▶ _What needs to be done_
Starting at the line that contains "C922HDインターネット防犯カメラ 美颜主播网红直播防犯カメラ 电脑视频会议网课教学防犯カメラ" and stopping after the line that contains "本文标题 《《关山酒吉他谱》", transcribe the listing below exactly; do not include any pictures.
-=-=-
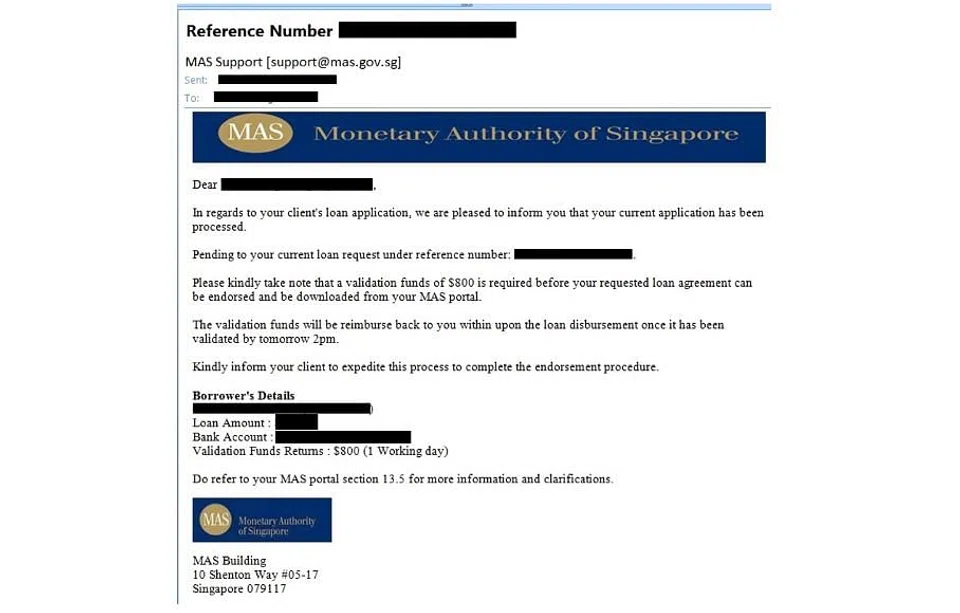 These scam e-mails may ask loan applicants to pay "validation fees" before the requested loan agreements can be endorsed and downloaded from an "MAS portal".
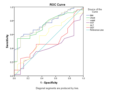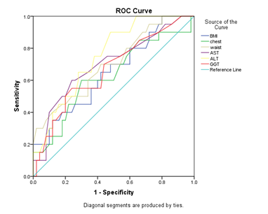 Figure1 Receiver operating characteristic curves (ROC) of anthropometric parameters and serum liver function tests in predicting hepatic steatosis.
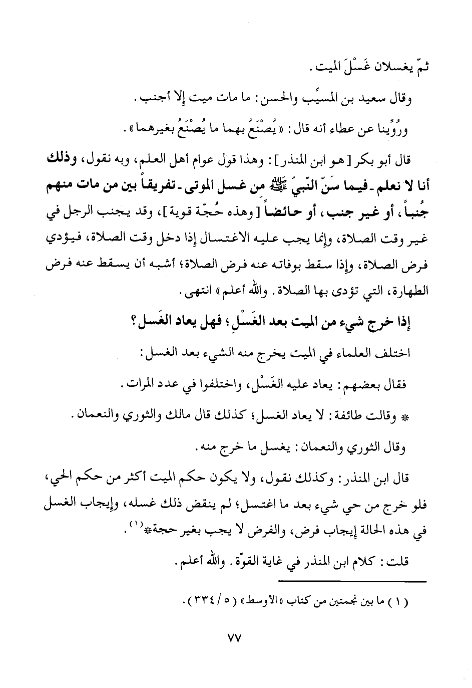 قال أبو بكر [هو ابن المنذر]: وهذا قول عوام أهل العلم، وبه نقول، وذلك أنا لا نعلم -فيما سَنّ النّبيّ - صَلَّى اللَّهُ عَلَيْهِ وَسَلَّمَ - مِن غسل الموتى- تفريقاً بين من مات منهم جُنباً، أو غير جنب، أو حائضاً [وهذه حُجّة قوية]، وقد يجنب الرجل في غير وقت الصلاة، وإِنما يجب عليه الاغتسال إِذا دخل وقت الصلاة، فيؤدي فرض الصلاة، وإذا سقط بوفاته عنه فرض الصلاة؛ أشبه أن يسقط عنه فرض الطهارة، التي تؤدى بها الصلاة. والله أعلم" انتهى.
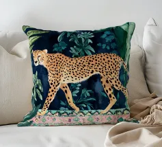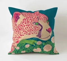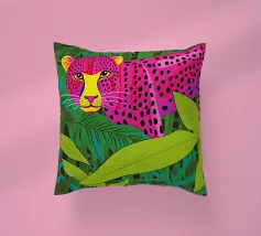Questo non è un normale safari. È un'avventura rosa ambientata in una lussureggiante foresta tropicale, dove gatti, tigri, leopardi, zebre, giaguari e ghepardi vivacizzano le decorazioni murali con un tocco pop-art. In questo quadro dalle linee raffinate, un ghepardo rosa acceso si adagia tra il fogliame verdeggiante, lasciando che la sua tonalità vivace sia al centro della scena. Le foglie tropicali creano un contrasto sorprendente, rendendo questo pezzo un'attrazione immediata per il salotto o lo studio creativo.
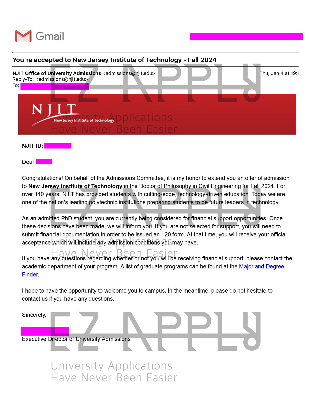 ادمیشن اخذ شده در مقطع «دکتری» در رشته «Civil Engineering» از New Jersey Institute of Technology در آمریکا برای پاییز 2024
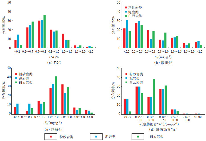 统计玛湖凹陷玛页1井和夏203井风城组共计568个粉砂岩类、泥岩类和白云岩类页岩油储层样品的有机地球化学参数(表 1)可知,粉砂岩类、泥岩类和白云岩类页岩油储层样品的有机碳质量分数(TOC)平均值分别为0.72%,0.64% 和0.68%,液态烃(S1)质量分数平均值分别为0.75 mg/g,0.70 mg/g和0.74 mg/g,热解烃(S2)质量分数平均值分别为2.28 mg/g,1.87 mg/g和2.10 mg/g,氯仿沥青“A”质量分数平均值分别为0.243%,0.212%和0.233%;有机质类型主要为Ⅰ—Ⅱ型干酪根。在成熟度方面,风城组有机质镜质体反射率(Ro)为0.71~1.21%,平均值为1.00%,有机质热演化程度处于生油窗范围内。风城组粉砂岩类页岩油储层TOC,S1,S2和氯仿沥青“A”等的平均质量分数均相对最高,其次为白云岩类和泥岩类。风城组粉砂岩类和白云岩类页岩油储层中TOC,S2和氯仿沥青“A”等的含量均较高的样品分布频率较高,泥岩类页岩油储层中S1含量较低的样品分布频率较高(图 7)。
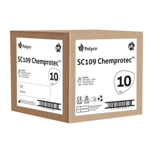 Chemprotec is our premium quality, natural rubber latex, highly chemical resistant gauntlet. It protects against a wide array of chemicals, as well as protecting well against mechanical hazards including abrasion level 4 and even contact heat resistance. It is chlorinated, ergonomically shaped and has a rolled cuff. SC109 is the heavy weight 66cm long version for protection up the arm.
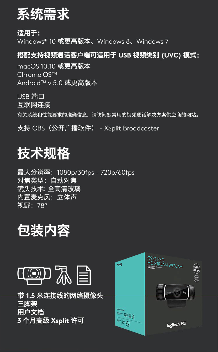 【罗技(Logitech)C922】罗技(Logitech) C922HDインターネット防犯カメラ 美颜主播网红直播防犯カメラ 电脑视频会议网课教学防犯カメラ 黑【行情 报价 价格 评测】-
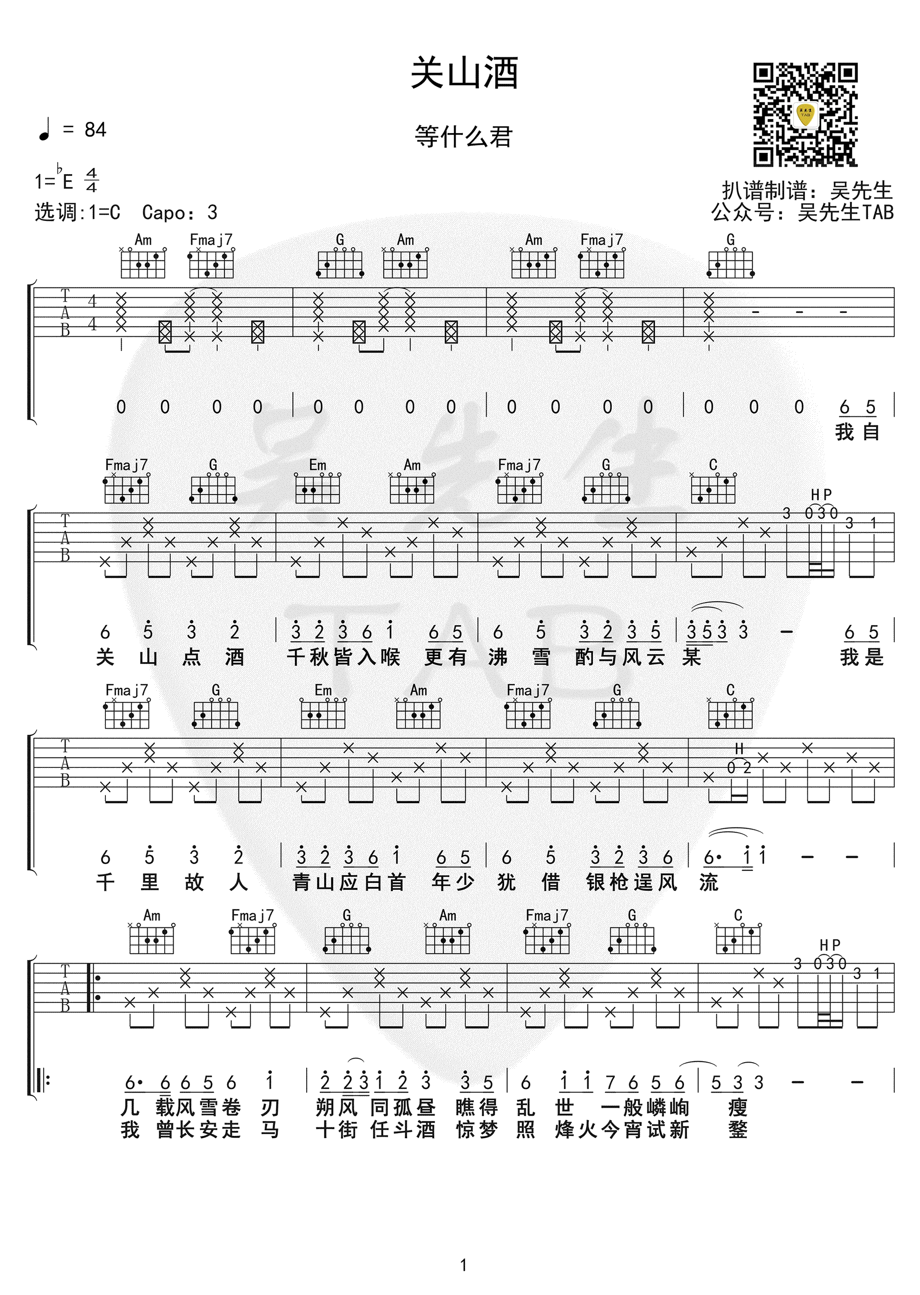 本文标题 《《关山酒吉他谱》(C调)》,网址:https://www.21qupu.com/guitar/38668.html
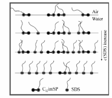 | 图5 不同浓度的SDS对C12imSP/NaCl(0.1mol/L)体系表面上分子聚集行为影响示意图Fig.5 Schematic of effect of SDS on the aggregation behavior of C12imSP/NaCl(0.1 mol/L) system at surface |
-=-=-
▶ _Solution for this exercise_
 【罗技(Logitech)C922】罗技(Logitech) C922HDインターネット防犯カメラ 美颜主播网红直播防犯カメラ 电脑视频会议网课教学防犯カメラ 黑【行情 报价 价格 评测】-
 本文标题 《《关山酒吉他谱》(C调)》,网址:https://www.21qupu.com/guitar/38668.html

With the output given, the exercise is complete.